### THE TASK
Begin your copy at the line with "zwei mit Orangenlikör" in the records below and end it at the line with "Obrázek 1: Typy", restating each line word for word; omit the pictures.
--------
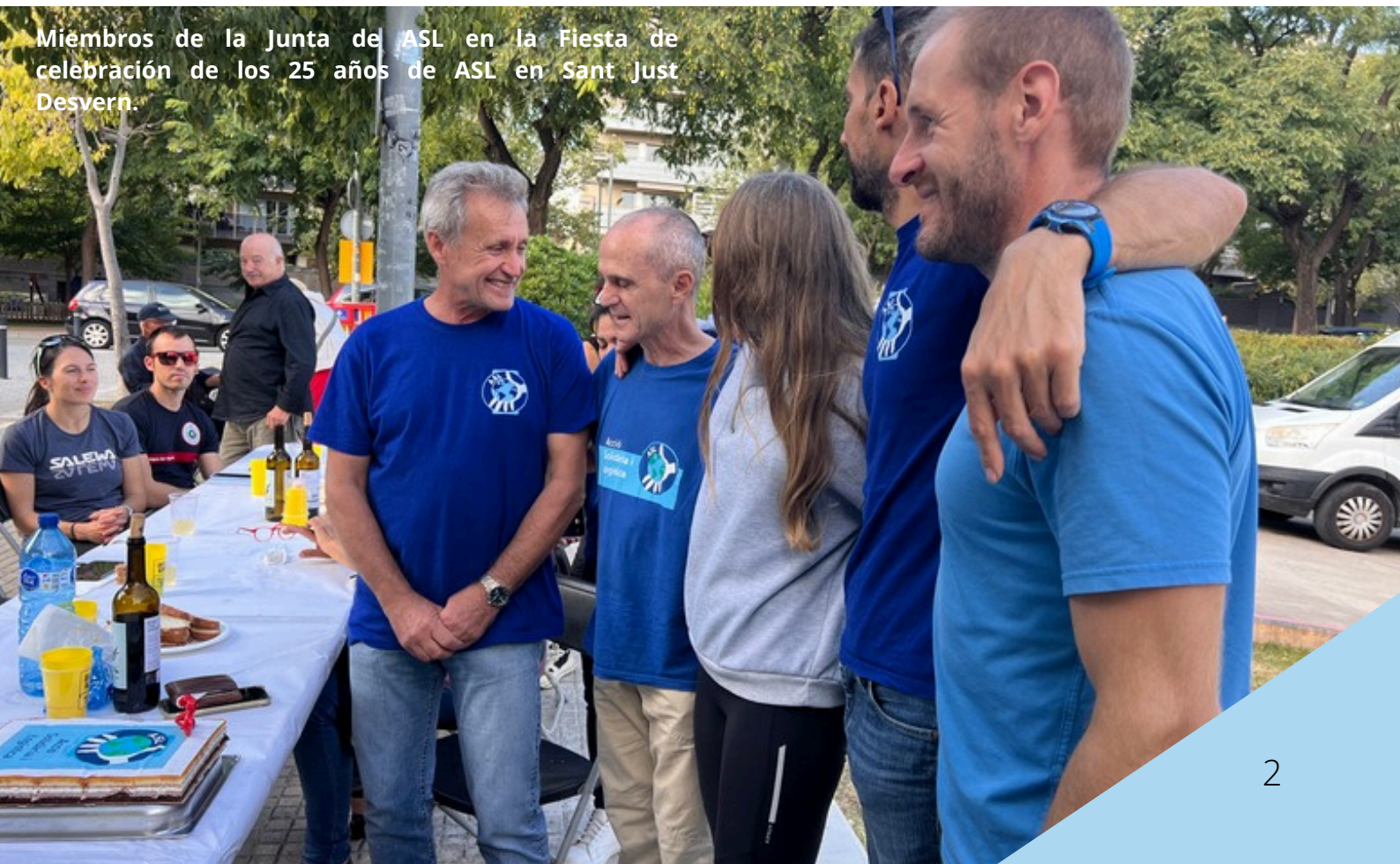
Miembros de la Junta de ASL en la Fiesta de celebración de los 25 años de ASL en Sant Just Desvern.
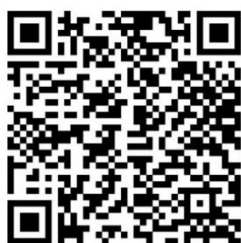
ภาพที่ 1 ขั้นตอนการสร้างสื่อ

ผู้จัดทำ มีเครื่องมือแสดงให้เห็นว่าสื่อการสอนมีประสิทธิภาพใช้ได้จริง ซึ่งมีประโยชน์กับผู้เรียนที่จะสามารถเรียนรู้ซ้ำ ๆ เพิ่มความเข้าใจอย่างยั่งยืนได้ทุกที่ทุกเวลา และสามารถฝึกจัดทำงบทดลองหลังปรับปรุง (บช.อาชีพอิสระ) ด้วยตนเองได้อย่างถูกต้อง ผู้จัดทำมีแนวคิดต่อยอดความสมบูรณ์ของสื่อนี้ โดยแทรกแบบทดสอบให้กับผู้เรียนได้ฝึกปฏิบัติพร้อมทั้งแสดงผลคะแนนความถูกต้องให้กับผู้เรียน เพิ่มช่องทางการเรียนรู้ให้มากขึ้นและจะพัฒนาในรายวิชาอื่นต่อไป ผู้เรียนเกิดความพึงพอใจต่อการจัดการเรียนการสอนด้วยสื่อการสอนนี้ อยู่ในระดับมากที่สุด ( \bar{x} = 4.88 )
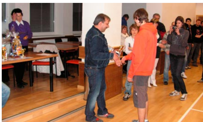
Turnaj ve stolním tenise
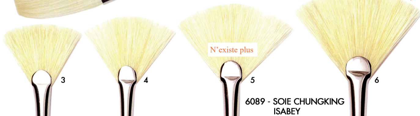
6089 - SOIE CHUNGKING ISABEY

Pointe en éventail. Parfaite pour estomper la peinture fraîche. Idéal pour réaliser herbes, feuilles, arbres.
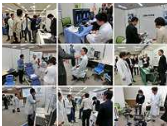
昨年度の技術シーズ展示会の様子

信州メディカル産業振興会 事務局 (信州大学 学術研究・産学官連携推進機構) 電話 0263-37-3421 FAX 0263-37-3425 E-mail : smia@shinshu-u.ac.jp
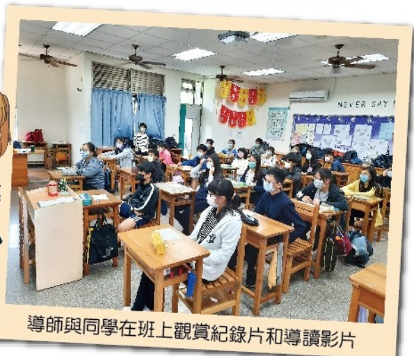
導師與同學在班上觀賞紀錄片和導讀影片
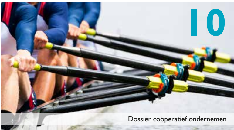
Dossier coöperatief ondernemen
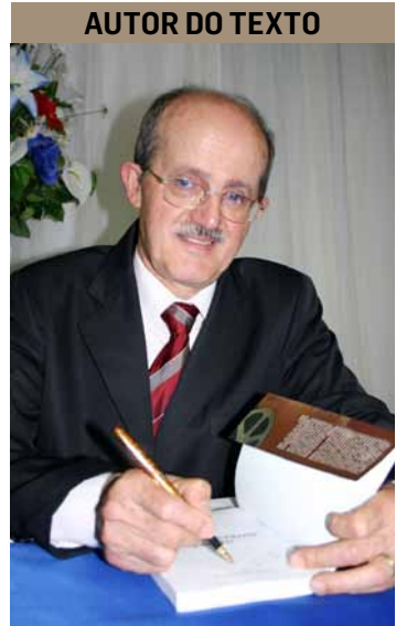
AUTOR DO TEXTO
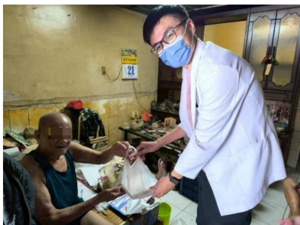
健仁醫院 PGY 訓練 (楠梓服務中心)
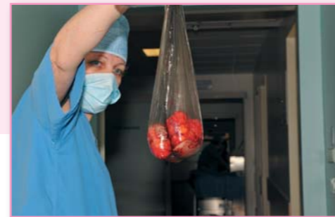
Z každého prsu bylo odebráno cca 260 g tkáně
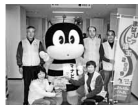
いっしょに記念撮影もどうぞ!
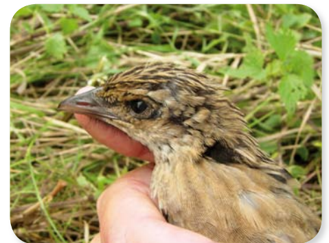
Jeune Râle des genêts au cours des autres suivis.

Dans la plupart des cas, la fauche de ces parcelles en mesures d'urgence a été suivie par les équipes du Conservatoire, qui ont ainsi pu récolter des informations essentielles quant à l'utilité et l'efficacité de ces mesures. En effet, plusieurs poussins âgés de 10 à 20 jours ont pu être observés au sein de trois parcelles placées en mesures d'urgence, alors qu'aucune observation de juvénile n'avait été faite
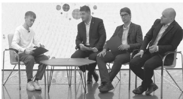
Неделя профилактических мероприятий объединила в себе круглые столы и социальные рейды в защиту подростков

Одним из главных мероприятий цикла стал круглый стол на тему профилактики экстремизма, прошедший в областном Доме дружбы. Здесь собрались более 100 человек, в первую очередь – представители системы образования. Вместе они
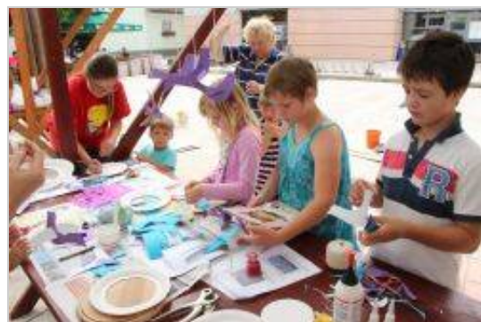
Na ploščadi pred KKC-jem so potekle ustvarjalne delavnice pod okriljem krajevne knjižnice.
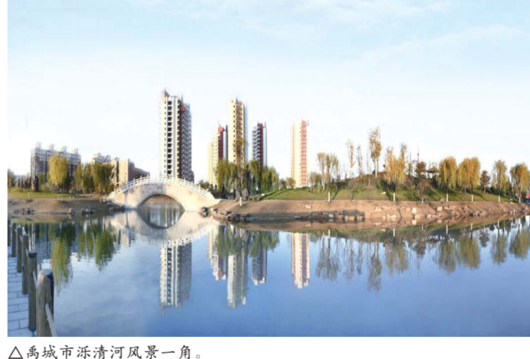
△禹城市沂清河风景一角。
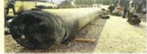
Es la primera respuesta de Irán al ataque de Irán del pasado 14 de abril.

MUESTRAN RESTOS DE EXPLOSIVOS EMILIA MARTÍNEZ / ENVIADA INTERNACIONAL (PÁGINA 14)
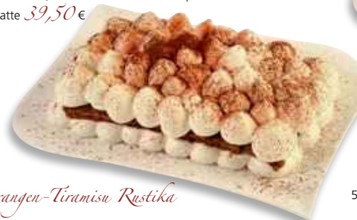
53.09 Orangen-Tiramisu Rustika

zwei mit Orangenlikör beträufelte Biskuitböden, bedeckt mit einer Mascarponecreme, die mit frischer Orange abgerundet wird je Platte 39,50 €
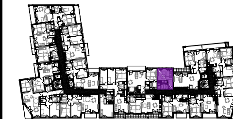
Tableau des surfaces
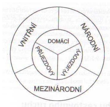
Obrázek 1: Typy cestovního ruchu podle místa realizace

Podle místa realizace služeb lze cestovní ruch rozdělit na vnitřní, národní a mezinárodní cestovní ruch . Vnitřní cestovní ruch je domácí cestovní ruch s příjezdovým cestovním ruchem. Národní cestovní ruch je domácí cestovní ruch a výjezdový cestovní ruch. Mezinárodní cestovní ruch je vždy při překročení hranic státu a tvořen příjezdovým a výjezdovým cestovním ruchem. 20 Pro lepší orientaci členění je připojeno obrazové vyjádření.
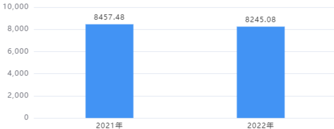
财政拨款收、支决算总计变动情况图（单位：万元）

2022年度财政拨款收、支总计8,245.08万元。与2021年度相比，财政拨款收、支总计各减少212.40万元，下降2.51%。主要是根据上级财政要求压缩项目经费。
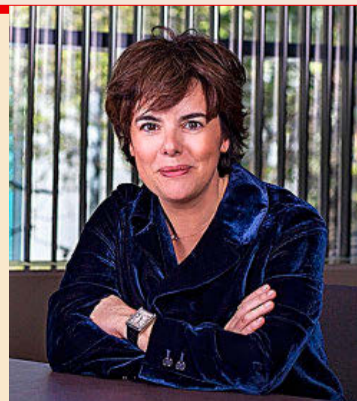
Soraya Sáenz de Santamaría, socia de Cuatrecasas.

El pasado ejercicio destacó por los grandes fichajes protagonizados por los despachos. Si bien EY Abogados fue el que más movimientos realizó, Cuatrecasas firmó el más sonado: Soraya Sáenz de Santamaría, exvicepresidenta del Gobierno, se convirtió en socia de la firma en marzo.
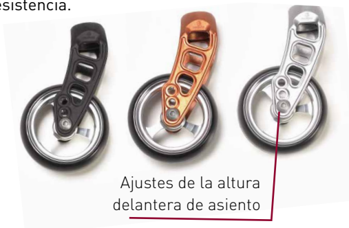
Ajustes de la altura delantera de asiento

La búsqueda de nuevos materiales y tecnologías ha sido clave en el desarrollo de la Argon 2 . El material utilizado en las horquillas es Carbotecture - un material de fibra de carbono extremadamente fuerte y ligero, con una gran resistencia a los impactos. El diseño curvado del tubo de la horquilla se ha conseguido mediante la técnica del Hydroforming , que permite obtener geometrías complejas del tubo con la mayor resistencia.
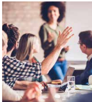
Die Workshops richten sich an Vereinsmitglieder, die ihren Verein weiterbringen wollen.

Das «Einmaleins» des zukunftsorientierten, modernen Vereinsmanagements kompakt verpackt: das ist die «Vereinschmiede» des Kantons Thurgau. Die Impuls-Workshops werden seit 2019 in Zusammenarbeit mit dem Departement für Erziehung und Kultur und benevol Thurgau angeboten. Die Themen werden jährlich den Bedürfnissen der Zielgruppe angepasst und dienen als Grundlage für ein modernes Vereinsmanagement. Thematisiert werden aktuelle Herausforderungen für Vereinsvorstände.
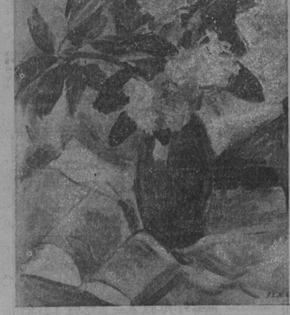
Ю. И. Преисс. «Рододендрон». Н. И. Бачинин. «Портрет ленинградки»

Сообщил, что привезли два мультфильма «Ну, погоди!»
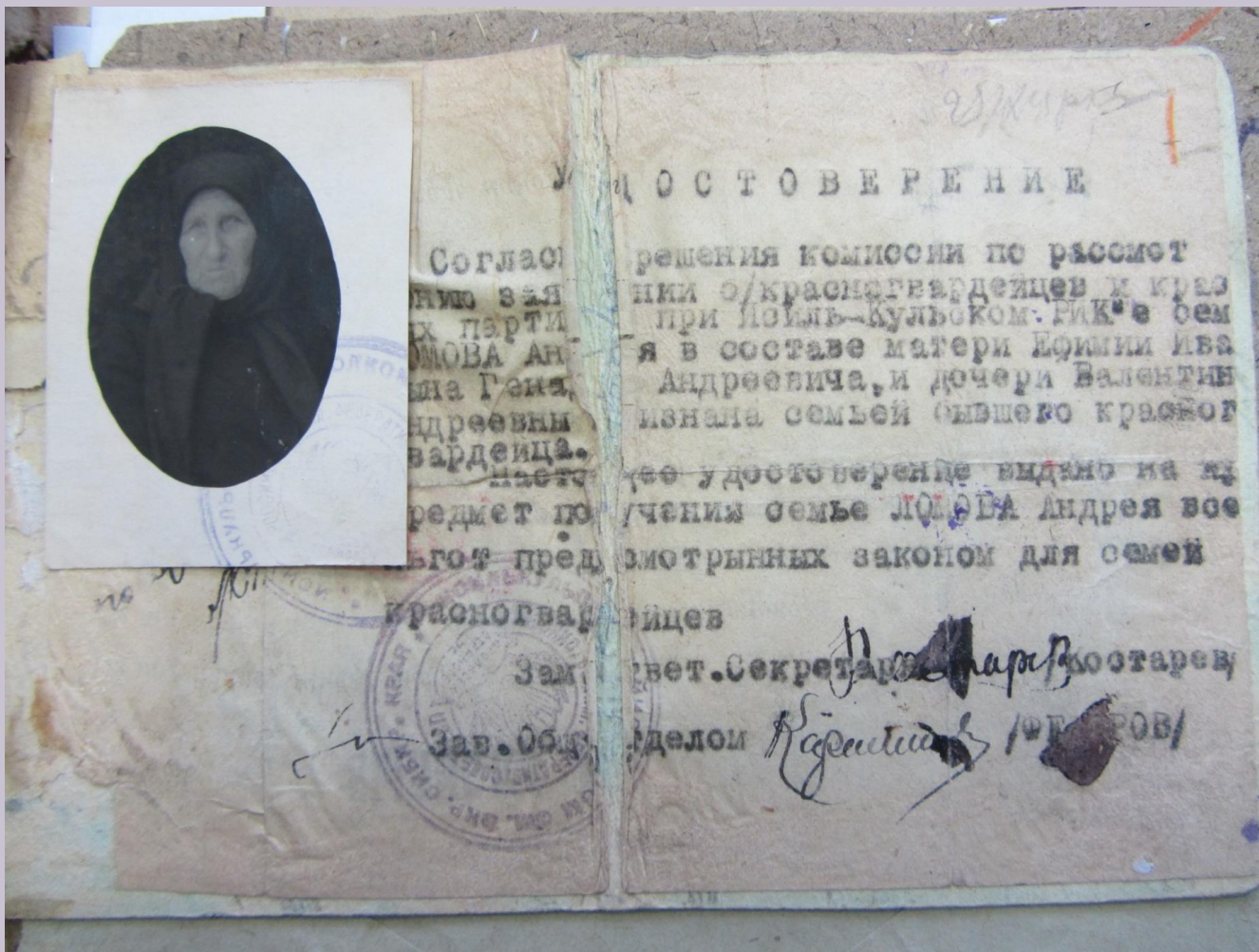
Удостоверение о признании семьи семьей бывшего красногвардейца на предмет получения ЛЬГОТ
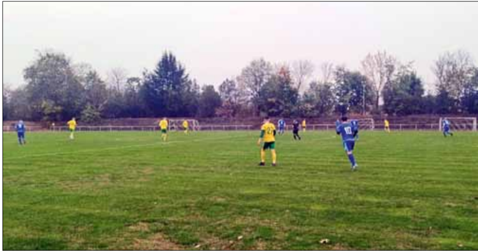
Много емоции, напрежение и хубав футбол предложиха двубойте в областната група през изминалия уикенд.

Всички останали срещи от този кръг, които бяха насрочени за неделния ден, бяха отложени заради влошената метеорологична обстановка в област Добрич.
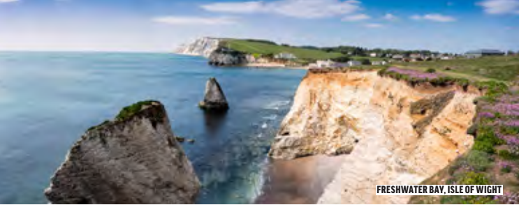
FRESHWATER BAY, ISLE OF WIGHT
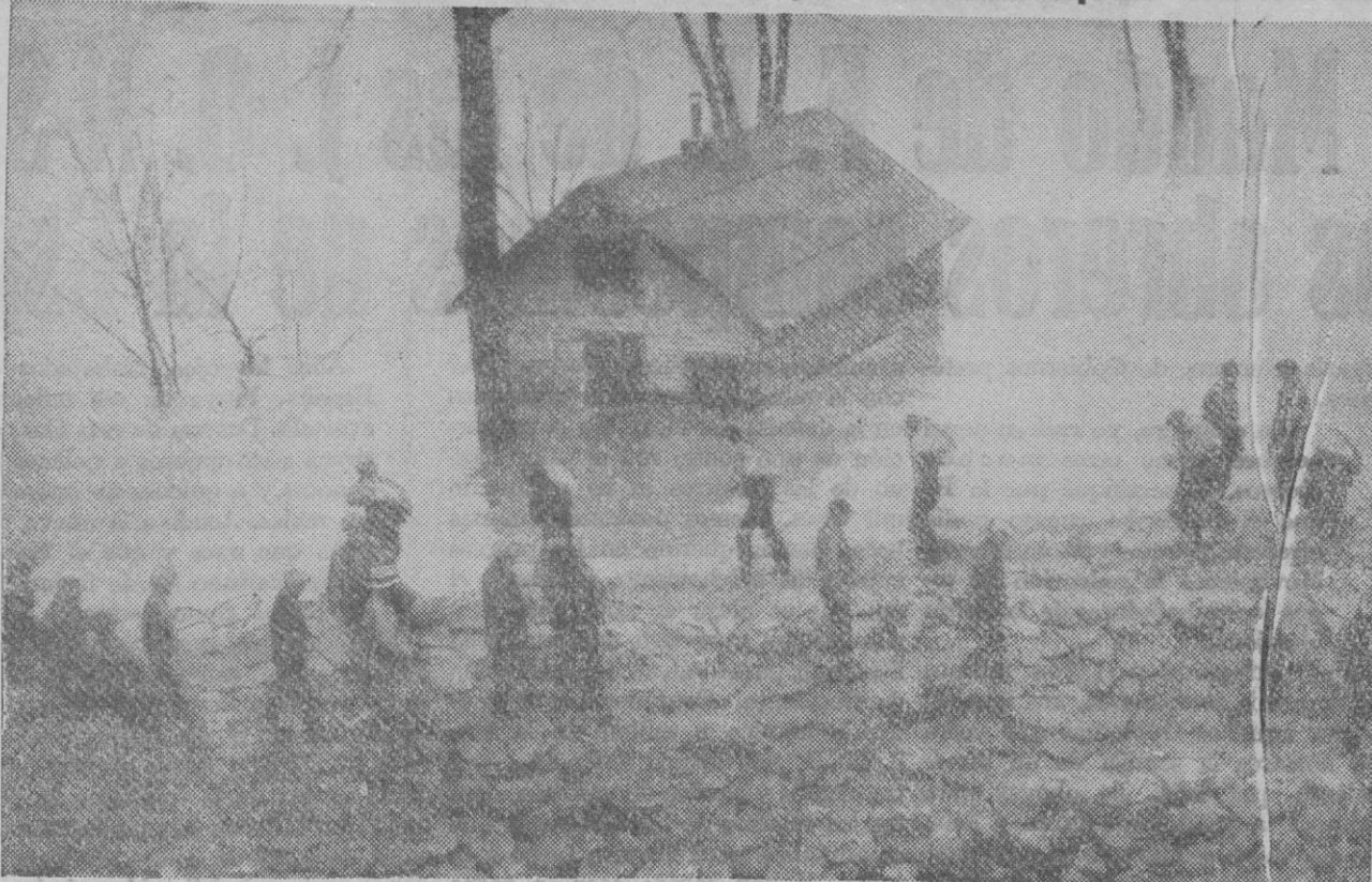
Las inundaciones en los Estados Unidos por las lluvias torrenciales, que han determinado el desbordamiento de los ríos, han causado enormes estragos, especialmente en la región de Ohio. La fotografía representa los primeros trabajos de construcción de un dique provisional para contener y desviar las enormes corrientes

Nueva York, 27.—El número de víctimas causadas por las inundaciones al desbordarse los ríos Ohio y Missisipi, aumentan incansablemente.
--------
### RESPONSE BOX
zwei mit Orangenlikör beträufelte Biskuitböden, bedeckt mit einer Mascarponecreme, die mit frischer Orange abgerundet wird je Platte 39,50 €
Tableau des surfaces
Obrázek 1: Typy cestovního ruchu podle místa realizace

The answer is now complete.